By creating an Interactive learning experience in the online world students will learn the critical thinking skills they need to have in our globalized world.
Here is the first of six posts on some ideas of how I feel this can be done. :-)
There are a number of ways to teach in the online world. Some programs are credit retrieval, others are expanded correspondence courses, and still others ask the student to do some thematic activities. Another exciting way to teach is to have teachers and students do highly interactive online/real-world learning experiences. This type of teaching allows us to do more than just teach using minimal learning experiences for our students. It gives us the opportunity to challenge students to learn the material by touching all levels of learning. In this type of learning environment it allows us to expect more of our students.
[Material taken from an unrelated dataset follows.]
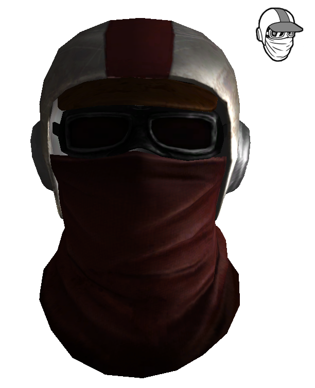 Der Helm besteht aus zusammengewürfelten Bestandteilen anderer Kopfbedeckungen; einer Basball Kappe mot einem Aluminiumhelm, einer Brille und einem Gesichtstuch. Er bietet eine Schadensschwelle von 3, sonst aber keine weiteren Boni. Er kann mit Kopien von sich selbst repariert werden.

Here are some ideas on how to deliver this exciting type of learning and an overview of what some of the possibilities are in our learning in the 5 POINTS of the STAR blended and online learning environment, later posts will define each of these ideas in detail. In order to have the students become highly engaged in their own learning and take the time to be better students it is necessary to shift into a different paradigm of learning. It is important to create an educational setting that allows the student to explore and engage in multiple levels of learning. To create this type of student engagement in the online world a student should have five very highly interactive experiences: student-to-student, student-to-teacher, student-to-material, student-to-community, and student-to-technology. If an online program/class is able to build this type of learning experience the student will have one of the most exciting and memorable educational encounters of their career.
The best type of learning to develop each of these ideas is to have the student do some type of inquiry-based, project-based, or problem-based learning. These types of learning are not isolated classroom experiences but cross-curricular ones. For example, the work might be developed using a thematic structure that is organized and developed by the teaching staff and allows students to work toward their own projects or activities too. Combining the real-world resources, activities and the online experiences are some of the most valuable lessons a student can do. High to low-level students can master key interactive fundamentals if given the chance. Many times it is not bad to have cross-curricular themes for the younger students to work through in order to learn how to do the variety of learning projects.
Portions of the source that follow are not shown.